Content starts

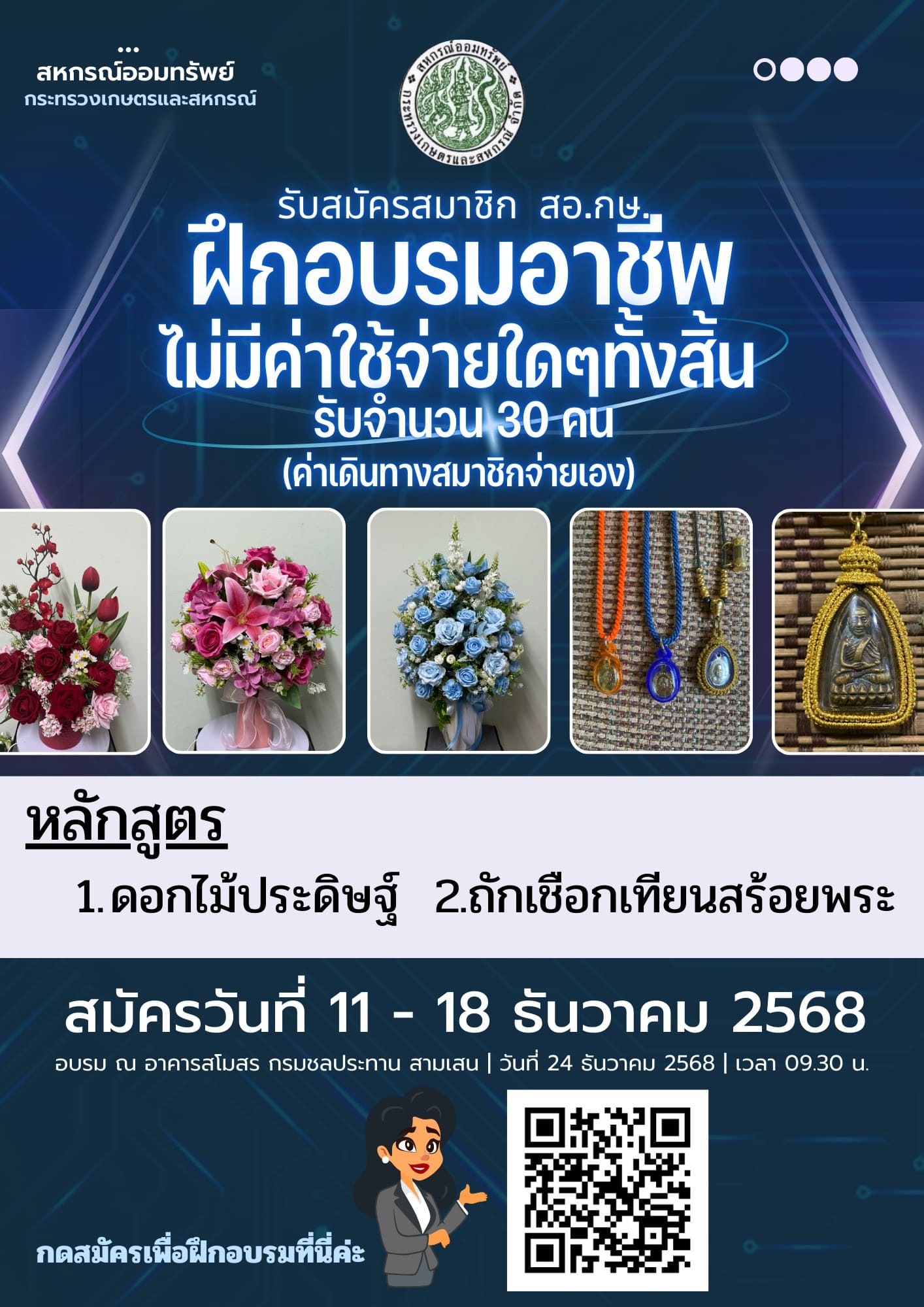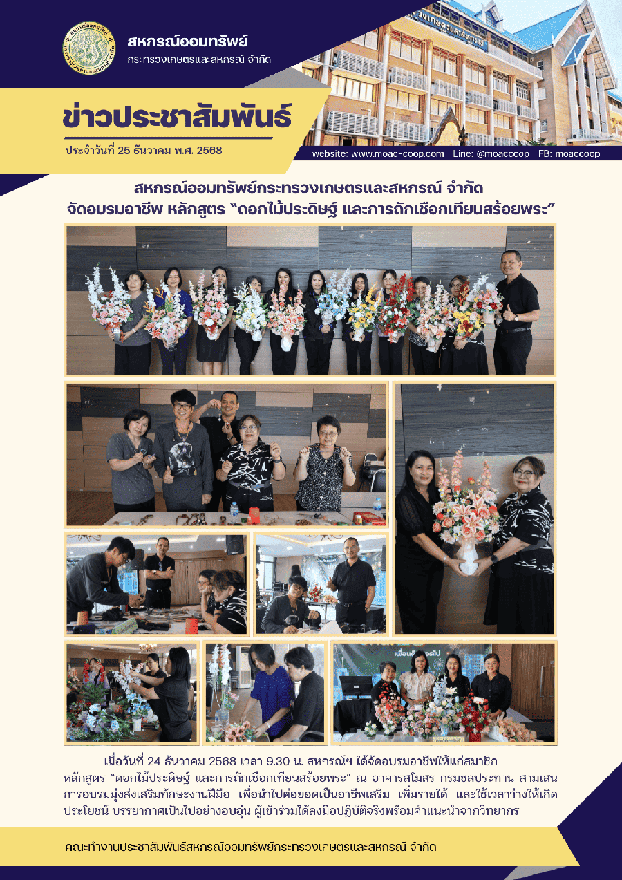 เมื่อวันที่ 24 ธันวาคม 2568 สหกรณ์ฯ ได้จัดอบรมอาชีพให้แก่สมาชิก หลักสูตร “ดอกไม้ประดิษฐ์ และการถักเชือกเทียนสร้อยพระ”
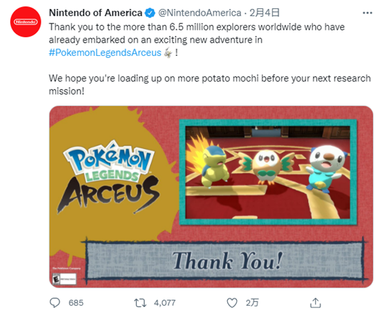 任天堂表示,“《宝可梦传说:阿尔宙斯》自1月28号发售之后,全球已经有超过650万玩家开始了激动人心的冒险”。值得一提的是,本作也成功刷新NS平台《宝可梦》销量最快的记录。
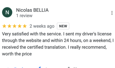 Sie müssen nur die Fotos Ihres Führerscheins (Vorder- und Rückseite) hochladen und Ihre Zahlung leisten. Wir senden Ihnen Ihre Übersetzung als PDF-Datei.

Content ends

• **YOUR ASSIGNMENT**: Output the lines above in full and exactly. Leave out every picture.

• **TASK SOLUTION**:
 เมื่อวันที่ 24 ธันวาคม 2568 สหกรณ์ฯ ได้จัดอบรมอาชีพให้แก่สมาชิก หลักสูตร “ดอกไม้ประดิษฐ์ และการถักเชือกเทียนสร้อยพระ”
 任天堂表示,“《宝可梦传说:阿尔宙斯》自1月28号发售之后,全球已经有超过650万玩家开始了激动人心的冒险”。值得一提的是,本作也成功刷新NS平台《宝可梦》销量最快的记录。
 Sie müssen nur die Fotos Ihres Führerscheins (Vorder- und Rückseite) hochladen und Ihre Zahlung leisten. Wir senden Ihnen Ihre Übersetzung als PDF-Datei.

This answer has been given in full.